This information is intended for use by health professionals

1. Name of the medicinal product

Phenylephrine 10 mg/ml Solution for Injection or Infusion

2. Qualitative and quantitative composition

Phenylephrine hydrochloride Ph Eur 1.0% w/v

Each 1 ml ampoule contains 10 mg phenylephrine.

For a full list of excipients, see section 6.1

3. Pharmaceutical form

Solution for injection, or concentrate for solution for injection or infusion.

Clear, colourless, sterile, solution.

4. Clinical particulars
4.1 Therapeutic indications

For the treatment of hypotensive states, e.g. circulatory failure, during spinal anaesthesia or drug-induced hypotension.

4.2 Posology and method of administration

For subcutaneous, intramuscular or slow intravenous injection or by intravenous infusion.

Whenever solution and container permit, parenteral drug products should be inspected visually for particulate matter and discolouration prior to administration.

Adults

Phenylephrine injection may be administered subcutaneously or intramuscularly in a dosage of 2 to 5 mg with further doses of 1 to 10 mg if necessary according to response, or in a dose of 100 to 500 micrograms by slow intravenous injection as a 0.1% solution, repeated as necessary after at least 15 minutes.

Alternatively, 10 mg in 500 ml of glucose 5% injection or sodium chloride 0.9% injection may be infused intravenously, initially at a rate of up to 180 micrograms per minute, reduced according to response to 30-60 micrograms per minute.

Children

100 micrograms/kg bodyweight subcutaneously or intramuscularly.

Elderly

There is no need for dosage reduction in the elderly.

4.3 Contraindications

Hypersensitivity to phenylephrine or to any of the excipients listed in section 6.1.

Patients taking monoamine oxidase inhibitors, or within 14 days of ceasing such treatment.

Severe hypertension and hyperthyroidism.

Avoid in patients with prostatic enlargement.

4.4 Special warnings and precautions for use

Great care should be exercised in administering Phenylephrine Injection to patients with pre-existing cardiovascular disease such as ischaemic heart disease, arrhythmias, occlusive vascular disease including arteriosclerosis, hypertension or aneurysms.

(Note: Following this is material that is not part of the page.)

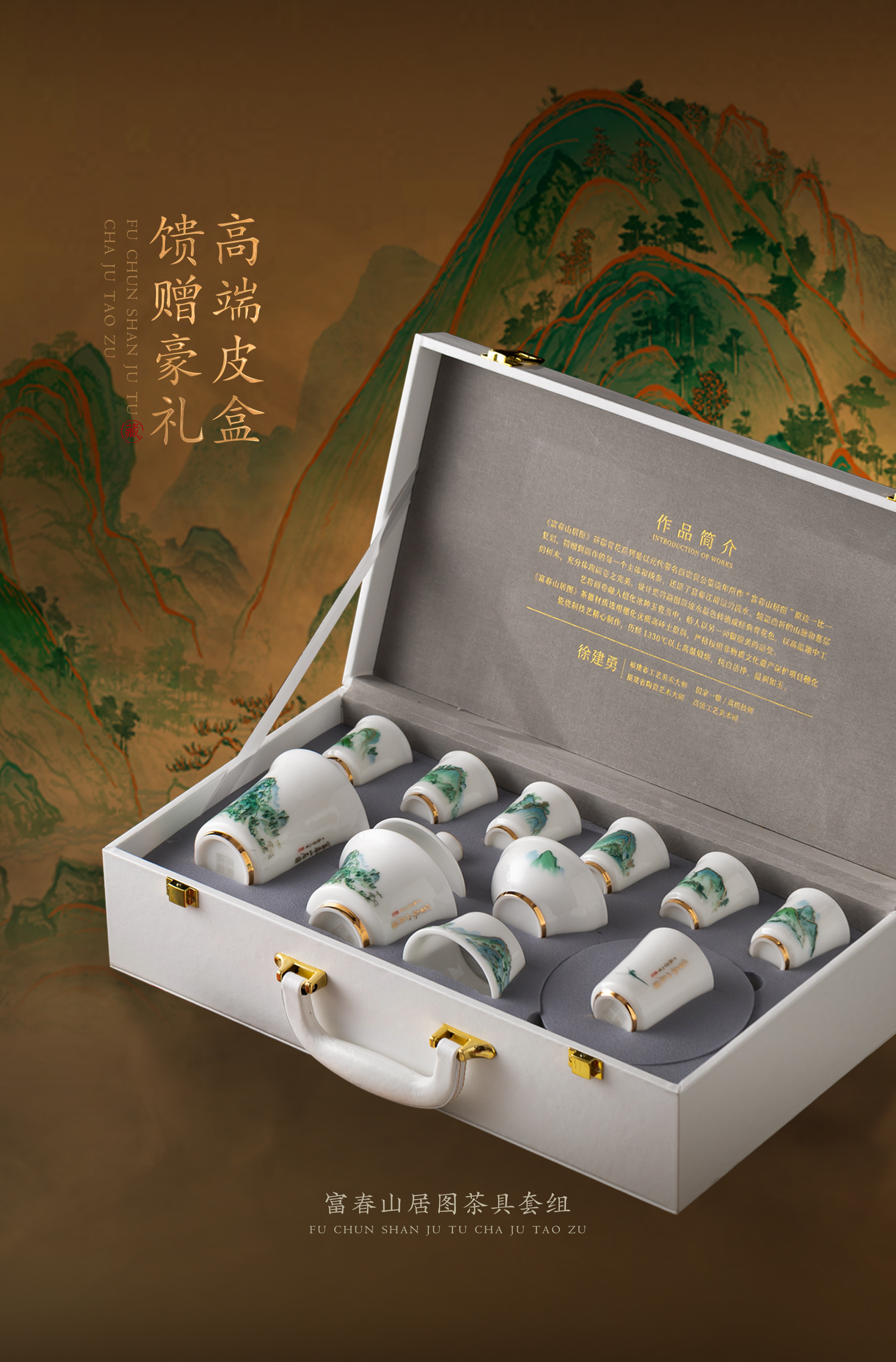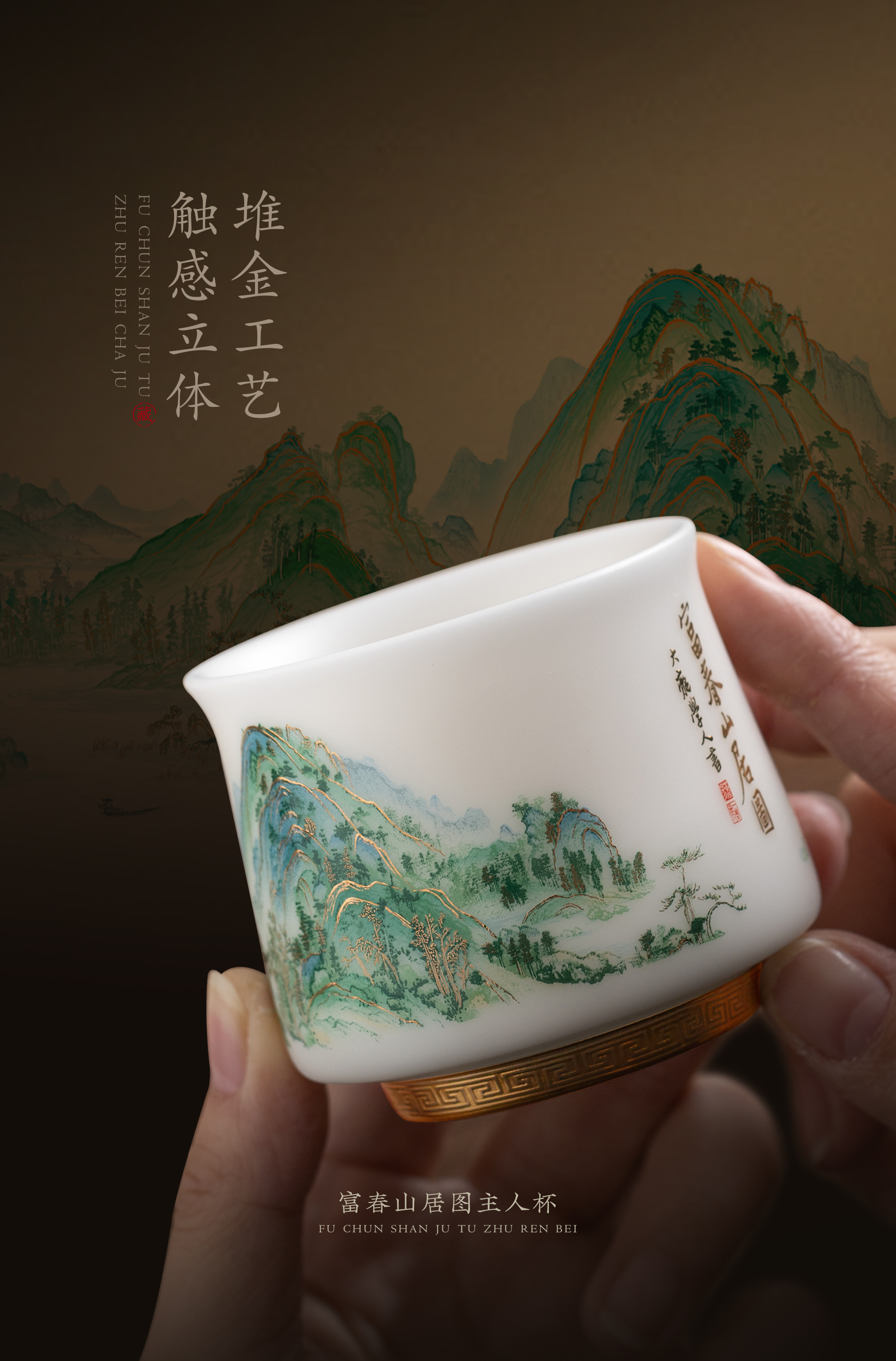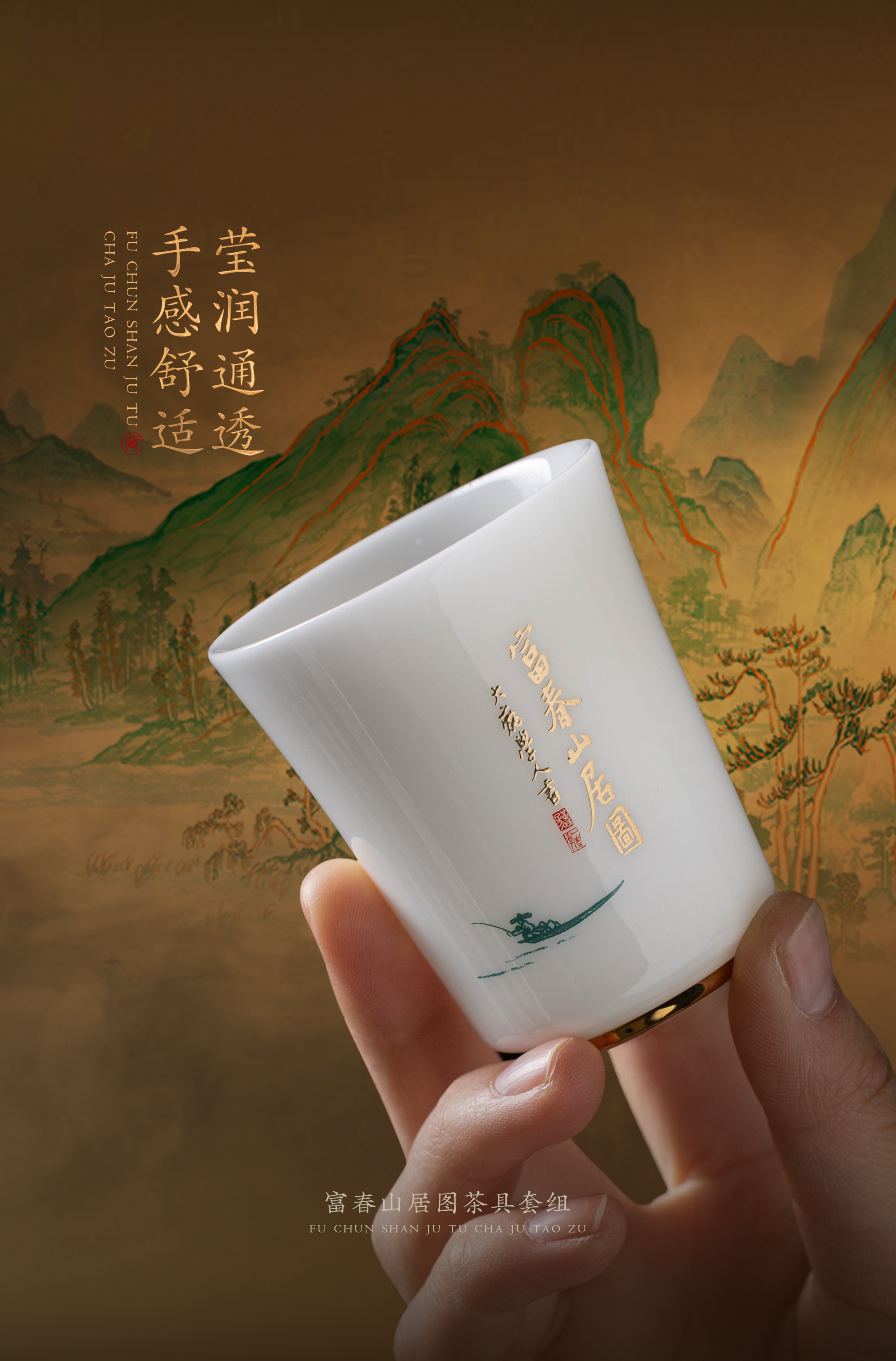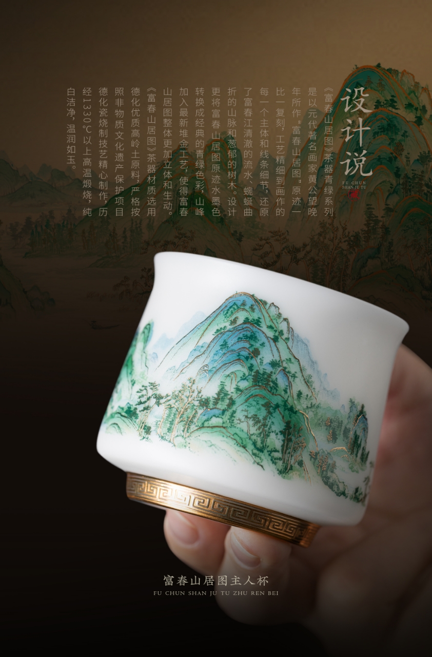 【富春山居图】冰种玉瓷/羊脂玉瓷 茶具套组、主人杯,堆金工艺 触感立体,温润通透 精工复刻,作者签章 品质保证,包装精致 高端好礼

Anginal pain may be precipitated in patients with angina pectoris.

Care is also required when given to patients with diabetes mellitus or closed-angle glaucoma.

Keep all medicines out of the reach of children.

4.5 Interaction with other medicinal products and other forms of interaction

Phenylephrine may interact with cyclopropane and halothane and other halogenated inhalational anaesthetics, to induce ventricular fibrillation.

An increased risk of arrhythmias may also occur if phenylephrine injection is given to patients receiving cardiac glycosides, quinidine or tricyclic antidepressants.

Phenylephrine may increase blood pressure and consequently reverse the action of many antihypertensive agents.

Interactions of phenylephrine with alpha and beta receptor blocking drugs may be complex. Drugs which have an effect on α1- adrenoreceptors could potentiate (such as ganisetron or clonidine) or inhibit (such as doxazosin or buspirone) the vasopressive action of phenylephrine.

Caution should be applied when administering atomoxetine concurrently, as there is potential for synergistic pharmacological effects.

Severe hypertension may occur following the use of phenylephrine and atropine or other antimuscarinics.

The pressor effects of phenylephrine may be slightly reduced by lithium carbonate.

The effects of phenylephrine may be potentiated by the use of monoamine oxidase inhibitors or reversible inhibitors of monoamine oxidase.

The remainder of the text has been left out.